Yo quiero una vida a mi medida. Algo que pueda controlar. Valoro más el tiempo libre que un alto nivel de vida. Vivir de forma más sencilla me permite reducir las horas de trabajo y tener más libertad en general.

- Quiero una vida sencilla, pero no simple. No me van las sofisticaciones, pero necesito rodearme de personas, cosas, eventos y actividades que impliquen cierto interés cultural, conversaciones interesantes, proyectos laborales con miga y profundidad. Aunque no me haga rica, quiero dedicar mi tiempo a cosas de enjundia. Y tampoco tengo intención de pasarme toda mi vida haciendo exactamente lo mismo semana tras semana.

- Valoro tener a mi familia cerca y a unos pocos buenos amigos, y poder dedicarles el tiempo que se merecen. Me gusta la sensación de pertenencia a un sitio.

- Quiero vivir en un sitio ni muy pequeño ni muy grande, con todos los servicios a mi alcance, y el campo a dos pasos. Y que esté suficientemente bien comunicado.

- Me encantaría trabajar a mi aire, desde mi casa o desde donde se me antojara, y completar mi vida con actividades que me gustan y que me permitan socializar.

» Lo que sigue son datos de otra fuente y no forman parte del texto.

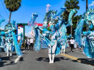 Entre los protagonistas destacaron los tradicionales Diablos Cojuelos que, con sus máscaras elaboradas, trajes vistosos y vejigas infladas, interactuaron con el público y elevaron el ambiente festivo que caracteriza esta celebración popular. Las agrupaciones participantes exhibieron coreografías y vestuarios que reflejan la diversidad cultural del país, mientras los ritmos de merengue, palos y otras expresiones musicales acompañaban el recorrido.

- Quiero mantener un estilo de vida sano, alimentándome bien y haciendo más deporte del que hago.

- Quiero que mi trabajo, o mis hobbies, me ayuden a estar en contacto con gente de otras culturas y otras partes del mundo. Te ayuda a tener la mente abierta.

Y una vez perfilada mi vida ideal, tengo que analizar si los objetivos que me empeño en lograr, me van a permitir mantener ese estilo de vida que me he propuesto, o si, por el contrario, me alejarán de él. Si no me cuadran, buscaré algo que los sustituya y que sí encaje con mis valores, y por eso es importante que los tenga siempre presentes.

Por eso me encuentro estos días sumida en un proceso de reformulación de mis metas, para adaptarlas a la vida que realmente quiero tener.

Os animo que os toméis un tiempo estos días para hacer este ejercicio de reflexión, y tener claro hacia dónde queréis ir. Y por cierto, me encantaría conocer vuestras conclusiones. ;)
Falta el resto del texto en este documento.